**SOURCE DATA:**
◆ ◆ ◆ ◆
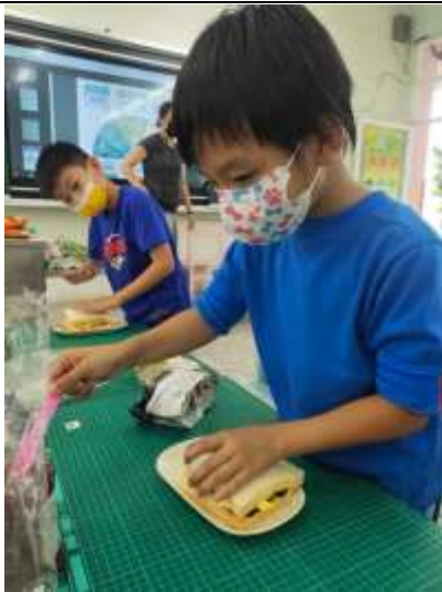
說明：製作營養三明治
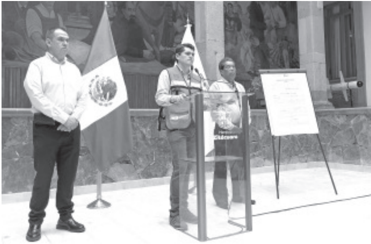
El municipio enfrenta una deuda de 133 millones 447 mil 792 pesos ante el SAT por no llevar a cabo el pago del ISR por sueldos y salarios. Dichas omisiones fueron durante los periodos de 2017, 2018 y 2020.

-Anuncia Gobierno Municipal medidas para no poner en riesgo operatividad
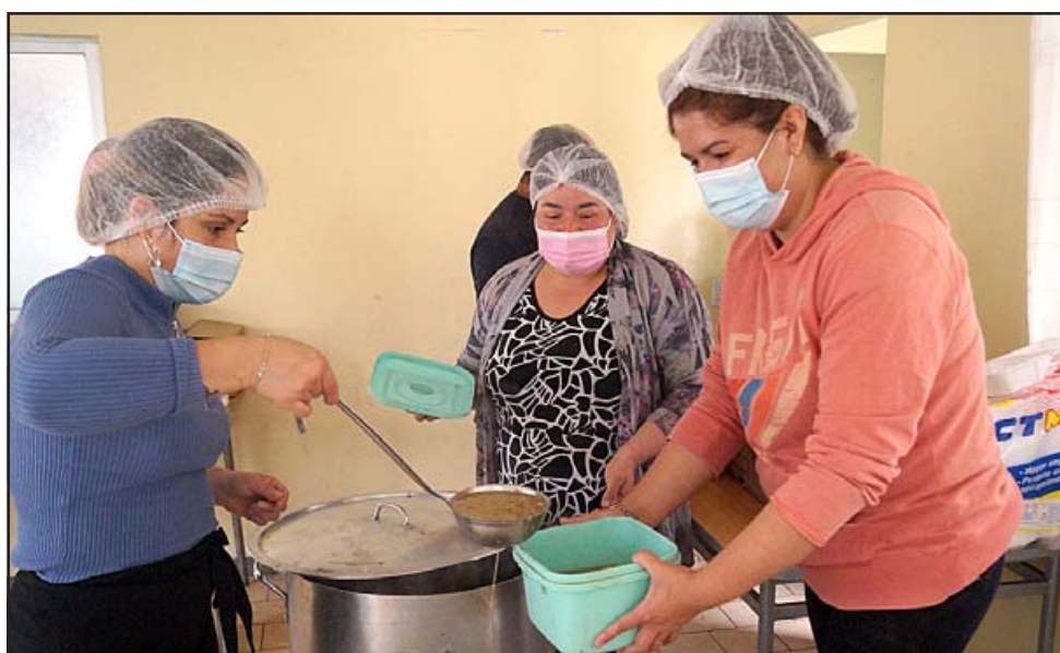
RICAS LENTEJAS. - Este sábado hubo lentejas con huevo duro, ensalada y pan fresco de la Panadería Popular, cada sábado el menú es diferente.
◆ ◆ ◆ ◆
Any picture in the material is to be dropped; the rest is repeated exactly.

**RESPONSE BELOW:**
說明：製作營養三明治
El municipio enfrenta una deuda de 133 millones 447 mil 792 pesos ante el SAT por no llevar a cabo el pago del ISR por sueldos y salarios. Dichas omisiones fueron durante los periodos de 2017, 2018 y 2020.

-Anuncia Gobierno Municipal medidas para no poner en riesgo operatividad
RICAS LENTEJAS. - Este sábado hubo lentejas con huevo duro, ensalada y pan fresco de la Panadería Popular, cada sábado el menú es diferente.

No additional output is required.